Third, migration to engineering platforms is feasible but requires several adaptations. The 20 × 20 grid can be replaced by a local occupancy–probability map or a continuous-state particle filter. The binary plume observation can be extended to concentration intensity and sensor confidence, while the wind input can be obtained from a compact anemometer array or estimated from onboard airflow sensors. For ground robots, Bio-Nav can be implemented as a local planner that outputs velocity commands; for aerial robots, the state space should be extended to 3D and the action space should include altitude control and safety constraints. The computational components of Bio-Nav—Bayesian belief updating, HMM plume prediction, fuzzy fusion, and value iteration—are lightweight enough for real-time execution on embedded processors when the map size is moderate. A practical migration route is therefore: 2D simulation validation, 3D CFD or wind-tunnel validation, ground-robot plume tracking, and finally aerial-robot testing in outdoor turbulent environments.
7. Conclusions
This study proposed Bio-Nav, a bumblebee-inspired spatial memory navigation framework for robotic odor source localization in turbulent environments. Biological experiments showed that repeated odor–reward training strengthens PER retention, that familiar odors can trigger directional spatial preference, that memory traces decay with time, and that bumblebees dynamically arbitrate between stored memory and current sensory evidence under cue conflict. These findings motivated a three-layer engineering architecture consisting of probabilistic estimation, memory stabilization, and adaptive fusion.

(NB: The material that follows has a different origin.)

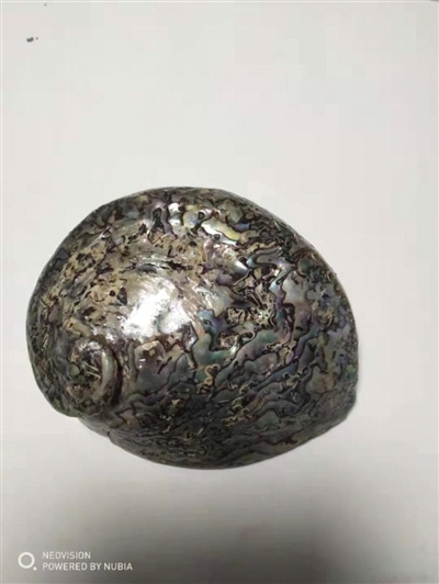 鲍鱼通常生长在水温较低的海底,足迹遍及太平洋、大西洋和印度洋,公认最佳产地为日本北部和墨西哥。我国东北部也是传统产区,以渤海湾出产的皱纹盘鲍和东南沿海的杂色鲍最为常见。鲍鱼的贝壳,是一个右旋的单壁螺形,好似人的耳朵,所以也被称之“海耳”。从顶壳向腹面排列有逐渐增大的一列螺旋突起,这些凸起在靠近螺层末端的一些贯穿成孔,孔数随种类不同而异。我收藏的那个有九孔,是“九孔螺”,产于中国北方。鲍鱼生长比较慢,一年为2~3厘米,壳长10厘米以上,大约六七年。我收藏的鲍鱼壳16厘米,生长的时间应在十年以上。贝壳体大,说明宽大扁平的肉足很大。鲍鱼就是靠着这粗大的足和平展的跖面吸附于岩之上,爬行于礁棚和穴洞之中。有资料介绍,壳长到15厘米的鲍鱼,其足的吸着力高达200公斤。怪不得狂风巨浪袭击,也不能将其掀翻捲跑。

Simulation results demonstrated that coupling POMDP-HMM-based probabilistic estimation with STM, LTM, fuzzy inference, and value iteration improves search success, trajectory efficiency, and robustness under intermittent plume conditions. Compared with moth-inspired search, Infotaxis, and standard POMDP navigation, Bio-Nav achieved higher success rate and shorter search paths in 100 Monte Carlo trials. The added ablation and baseline-comparison framework further clarifies how each module contributes to the final performance.
Overall, the study suggests that memory–perception coupling is a useful design principle for robotic search under uncertainty. Future work will focus on quantitative calibration of memory parameters from biological data, extension to three-dimensional plume transport, and validation on real robotic platforms.